Europe and the IMF today agreed to bankroll a massive bailout for debt-ravaged Ireland, estimated at between 80-90 billion euros, the second emergency rescue in the eurozone this year.
"I can confirm that the government has made a request for financial assistance to the European Union and the European authorities have agreed to our request," Irish Prime Minister Brian Cowen said after an emergency cabinet meeting in Dublin.
His finance minister, Brian Lenihan, said partners "have not determined a precise figure", but diplomats told AFP "the amount envisaged is between 80 and 90 billion euros" ($110 and 123 billion).
Confirmation of the bailout amount would come at the conclusion of negotiations in Dublin between the Irish government and experts from the European Commission, the European Central Bank and the International Monetary Fund.
Aimed at cleaning up Ireland's devastated banking sector, the bailout is "warranted" to protect Europe's wider economy, EU finance ministers said.
The ECB, which has had to pump in liquidity, also said in a statement "providing assistance to Ireland is warranted to safeguard financial stability in the European Union and in the euro area."

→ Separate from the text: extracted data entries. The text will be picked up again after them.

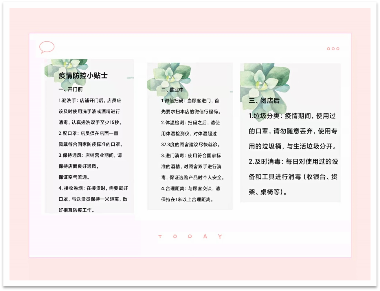 而近期面對日益嚴峻的疫情防控形勢,正常營業(yè)的店鋪如何進行防疫工作成了重中之重,對此,客戶經理高飛制作了提醒服務小貼士對卷煙零售客戶進行防疫宣傳工作。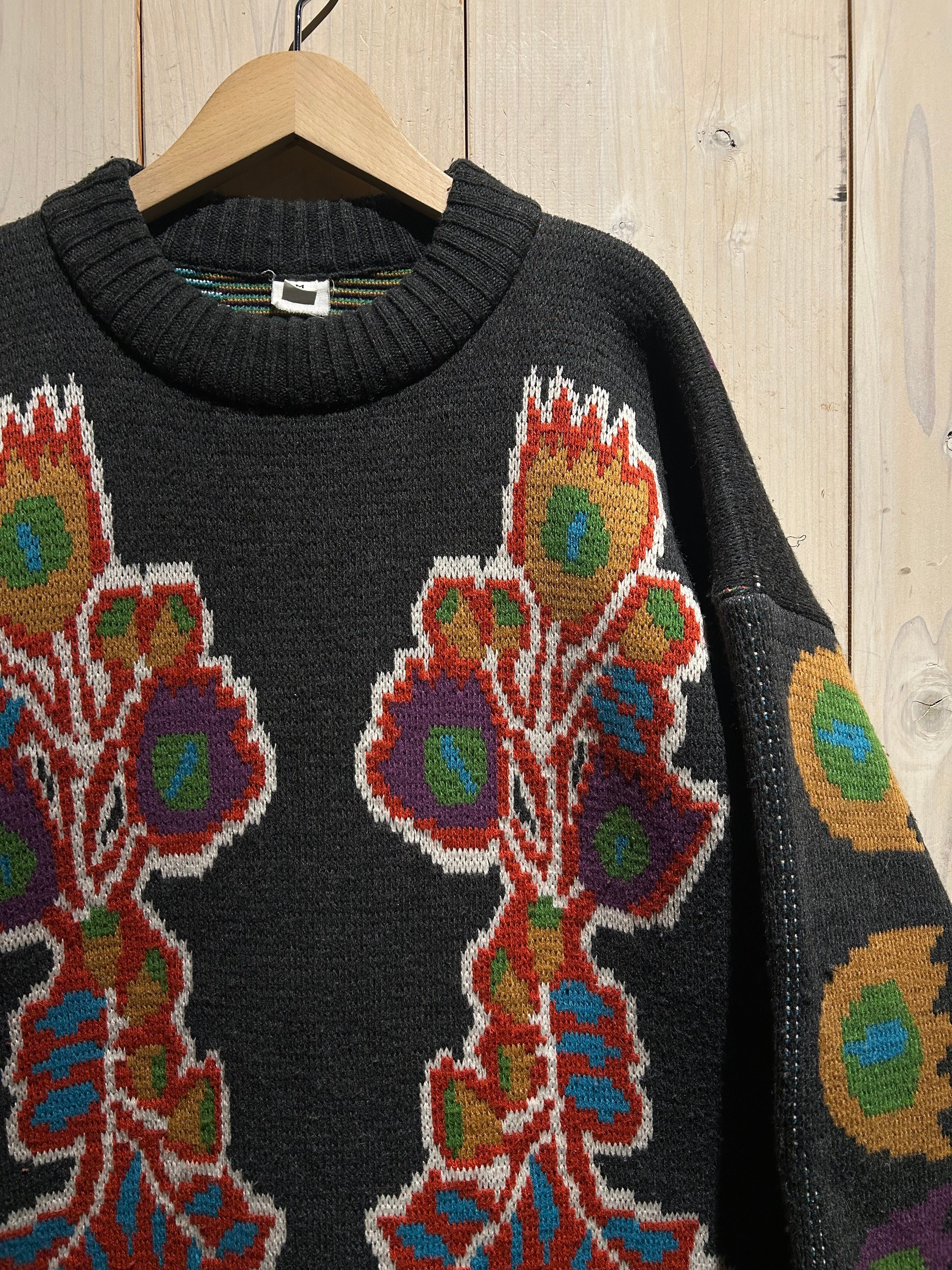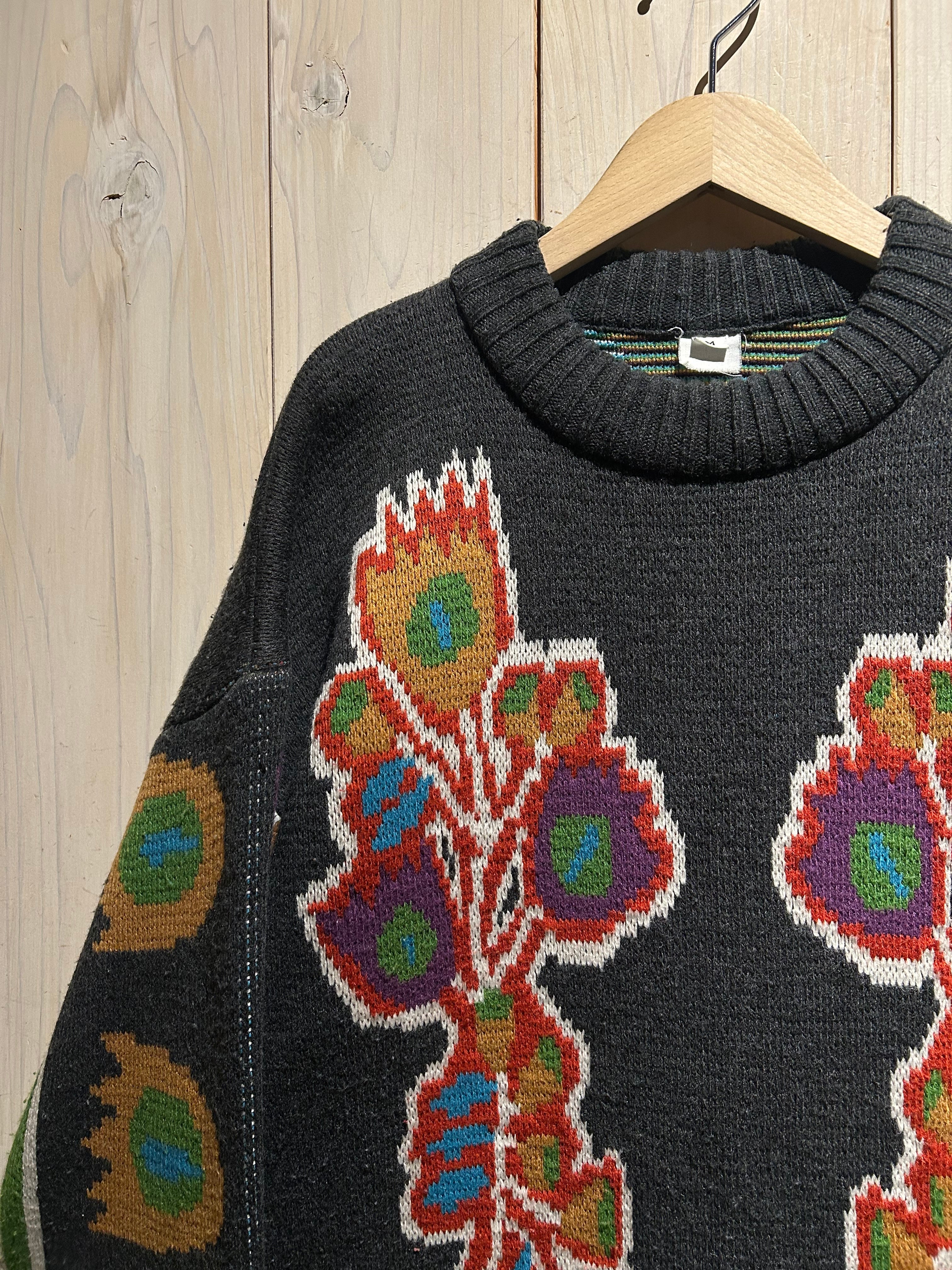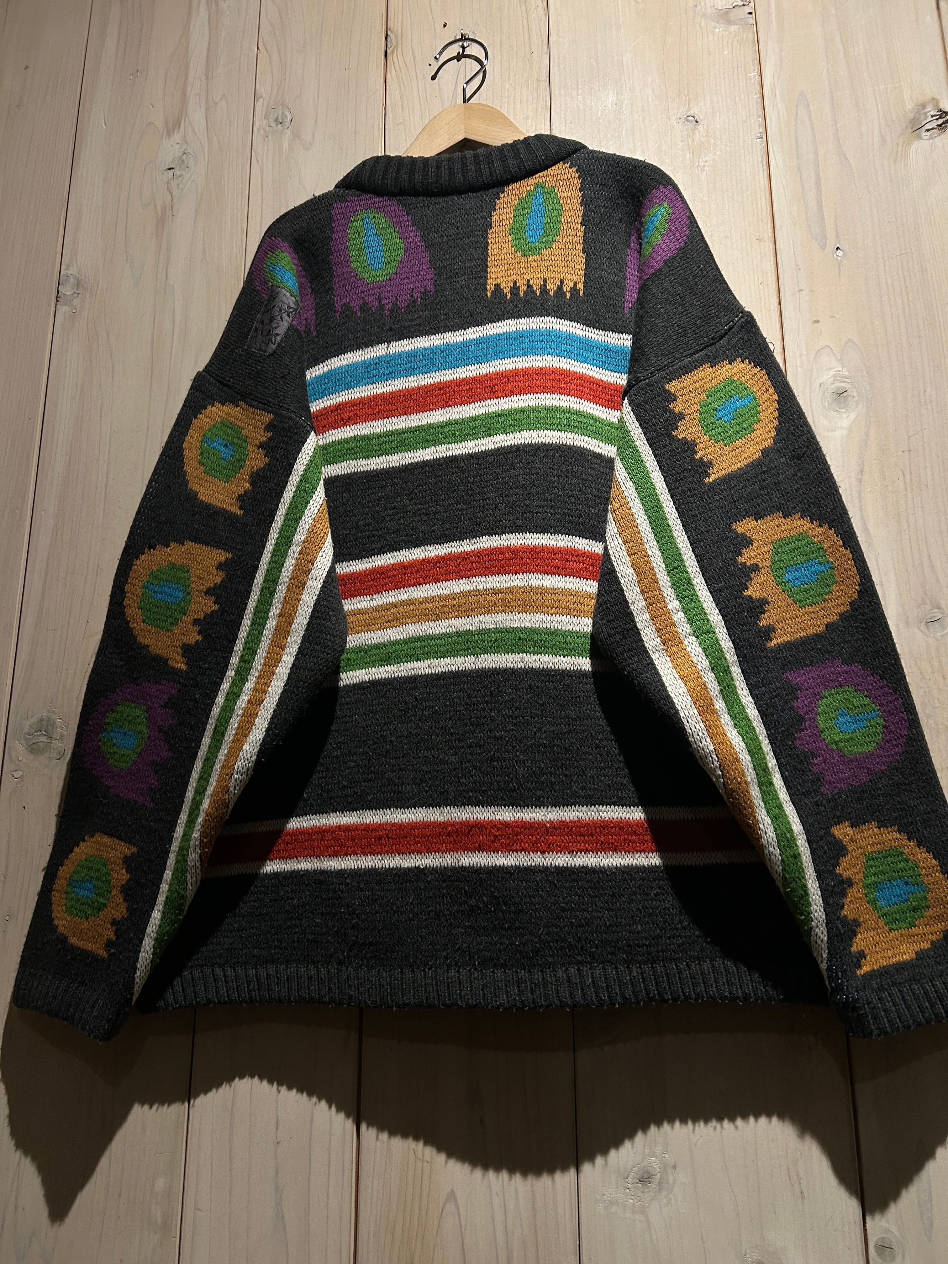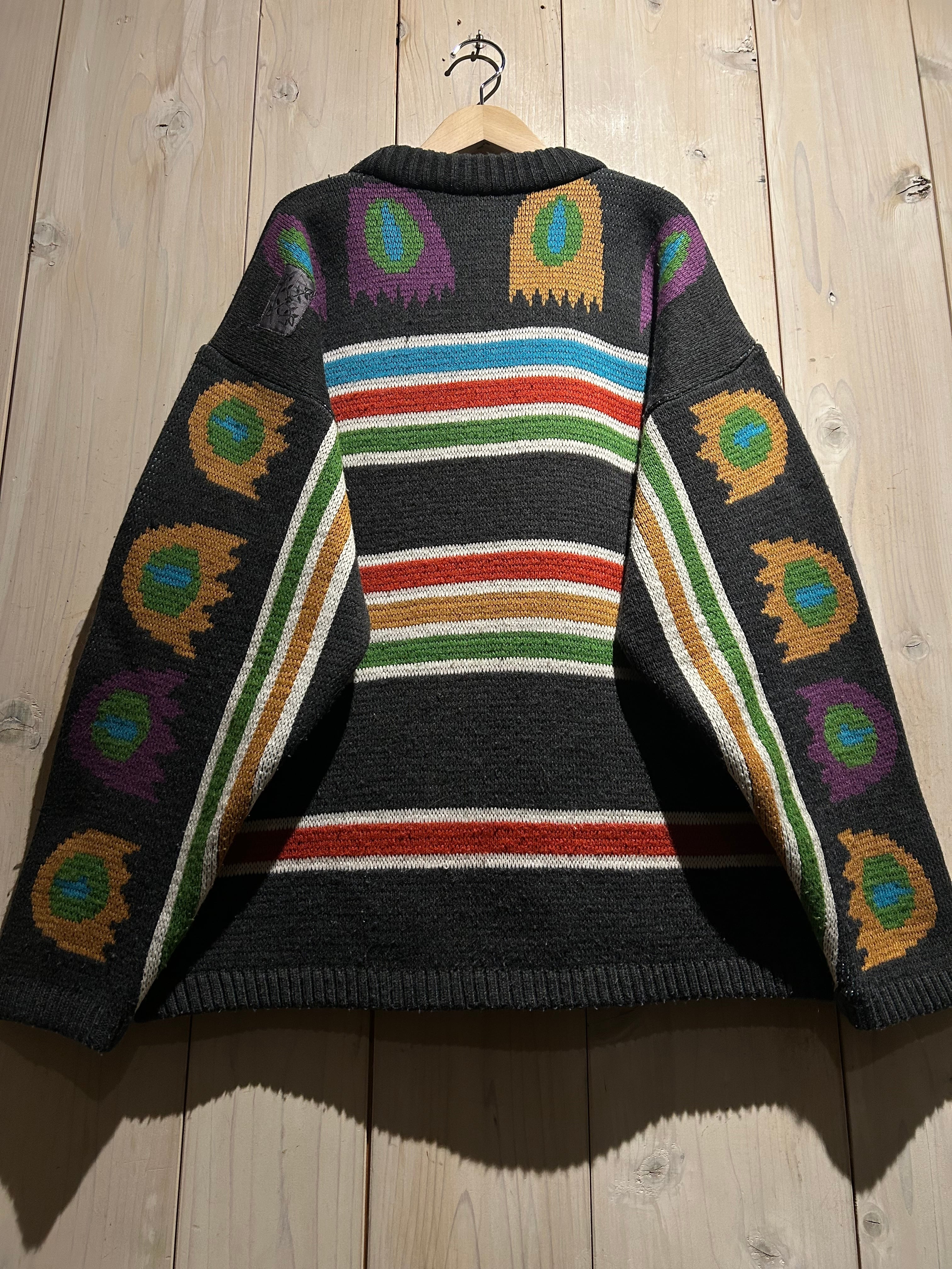 太番手の毛糸を用いた手編みならではの凹凸ある編み地が特徴的で、機械編みにはないラフさと温もりが感じられる仕上がり。スキーニットらしいクラフト感と実用性を併せ持った、存在感のある表情が魅力です。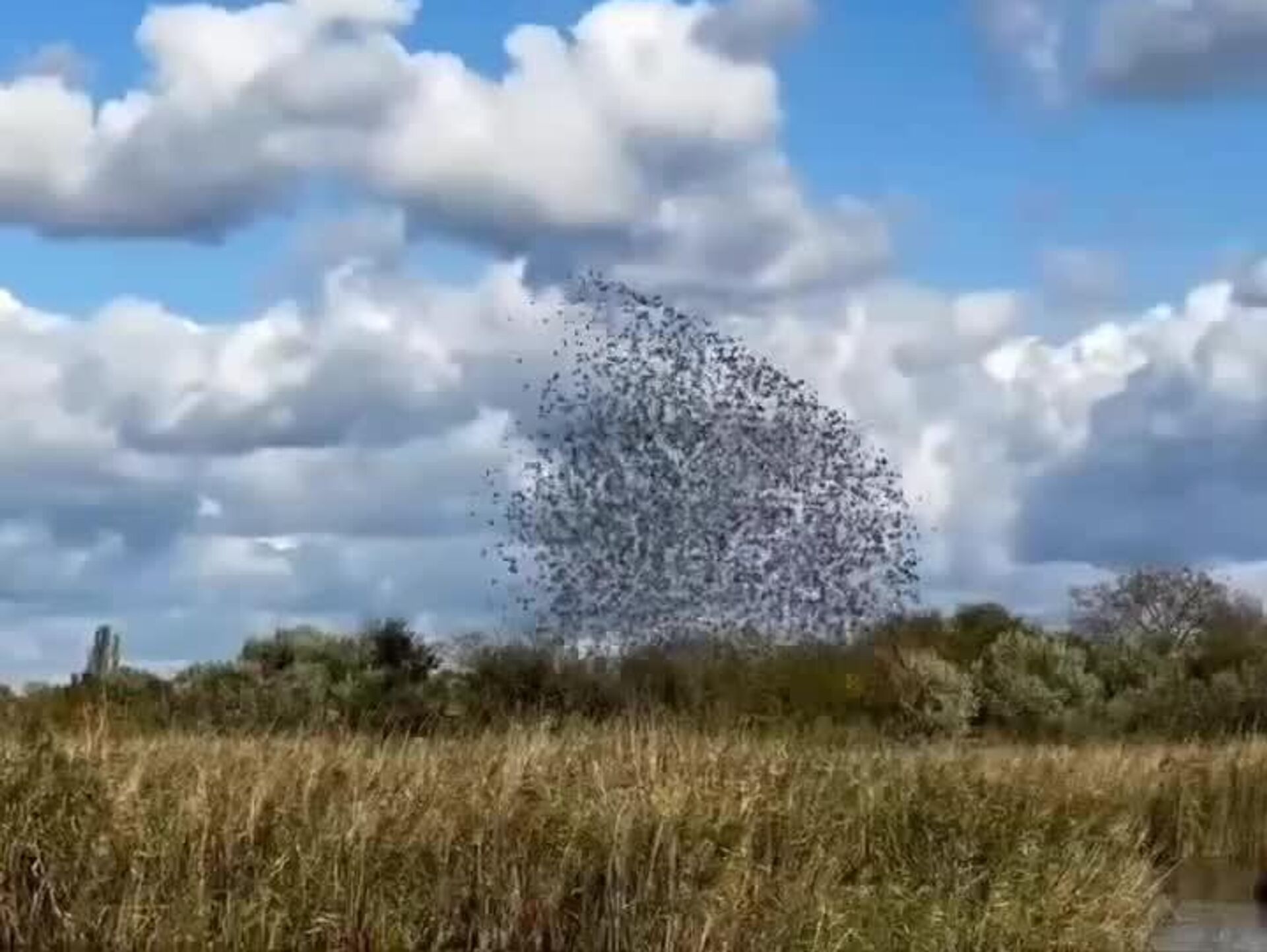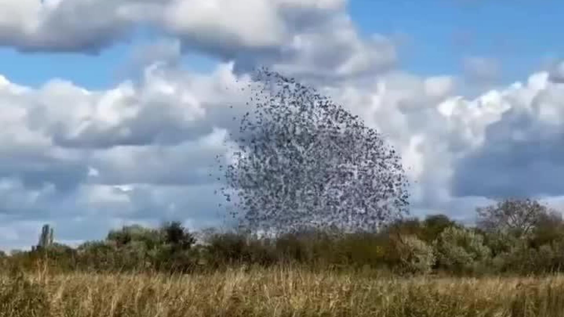 Las imágenes muestran el comportamiento de bandadas de aves. Es un espectacular fenómeno natural en el que grandes agrupaciones de aves, normalmente estorninos, vuelan de forma sincronizada y coordinada por el cielo, formando figuras caprichosas y en constante cambio.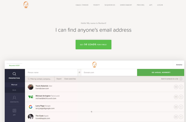 Voila Norbert offers a straightforward way to find email addresses using a person's name and company domain. It's easy to use and provides verification insights, making it suitable for quick prospecting tasks without complexity.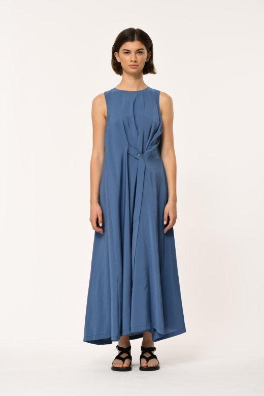 Apvali iškirptė suteikia modeliui švaros ir išbaigtumo, o šone esanti sagute reguliuojama detalė leidžia subtiliai keisti formą ir suteikia suknelei išskirtinio charakterio. Be rankovių sukurtas modelis atrodo lengvai ir gaiviai, o nugaroje esanti lašo formos iškirptė, užsegama sagute, tampa dailiu, moterišku akcentu. Švelniai apvalinta apačia papildo bendrą siluetą minkštumu ir lengvumu.

The latest rescue follows a 110-billion-euro EU-IMF package in early May for Greece, where public overspends and dodgy data reporting to Brussels had become endemic.
Ireland will benefit from funds, or loan guarantees, assembled under a 750-billion-euro EU-IMF fund created hard on the heels of the Greek deal.
However, with Cowen's government holding only the narrowest of majorities ahead of a by-election this week, domestic consequences remain unpredictable.
Michael Noonan, finance spokesman for the main Fine Gael party, said there would be targets set down by the IMF and by Europe that the government will have to meet.
"So on the fiscal area they have lost an enormous amount of control," he told RTE.
After conference calls also involving G7 partners in the United States, Japan and Canada, IMF managing director Dominique Strauss-Kahn said his organisation "stands ready to join" the effort for Ireland with a multi-year loan.
The rescue plan emerged amid enormous market pressure to plug a gaping hole in Ireland's banking system, with borrowing costs for Cowen's government soaring.
Dublin had already pumped 50 billion euros into failed lenders, pushing its public deficit to 32 per cent of output -- more than 10 times the EU limit.